Fourteen months ago I set four goals for the year. Two involved music, and two involved business. About a month after that, I set another music goal. And about a month after that, I found out my wife and I were going to have a baby; I charitably considered this a sixth goal in light of the amount of time and attention it would take.
Goal #1 was to get back into music. This is what I wrote at the time:
I’m going to get my drums back onstage this year. I will find a band and start gigging again.
And that’s what I did: I found a band. I got my drums onstage three times. One was a headliner at a local outdoor concert series, and another was at a Kerry fundraiser. Both were highlights of last year.

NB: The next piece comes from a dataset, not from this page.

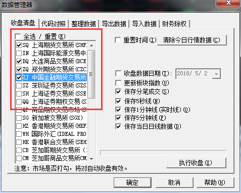 您如果是24小时都运行着金字塔,可以使用自动收盘的功能,每天收盘后将数据保存于本地,工具》选项》维护》收盘后N分钟自动收盘;还需在工具》数据管理》数据管理器中设置需要做收盘处理的市场和周期;如下图

When I set my goals, I didn’t account for the time it would take to be in a band. Rehearsals ate up a couple evenings a week for much of the year. I ended up punting one of the business goals in May, and the other last Fall, even though I’d made some progress toward both. The alternative would have been to quit the band, but that seemed counter-productive. I work enough already.
The second music goal was to learn to play the hammer dulcimer. I didn’t do this. But I did learn enough to write a song, which amazes me still. On balance, I’ll call this one a partial success.
Goal #5 was to get ready for the recording session I’d scheduled for Thanksgiving. I spent a month recording drum tracks, then two days engineering the tracking of guitar and vocals, and now I’m about a quarter of the way through mixdown. I’ve learned a thousand things about recording and mixing music, and in a month I’ll have learned a thousand more. This project is kicking off a total lifestyle change, which I guess is the point of setting big scary goals.
Goal #6, prepping for the munchkin, was an unqualified success. We got all the pre-delivery stuff done as planned, even though it meant installing a diaper-rinsing device on the toilet the night before the early-morning drive to the hospital, regardless of the fact that we wouldn’t actually need to rinse diapers for six-plus months. (Plan the work, work the plan, and don’t argue with extremely pregnant women.)
All in all I had set six goals, which considering their time requirements was too many by half. Even so, I achieved 3.5 of them. But as I think back, the score is irrelevant. 2004 brought some great events and spawned many wonderful memories. I achieved goals I’m ecstatic about. And I have a new hobby that is totally compelling, and a new baby who is all that and more. I’m not necessarily where I projected I’d be, but once again, that’s probably the point.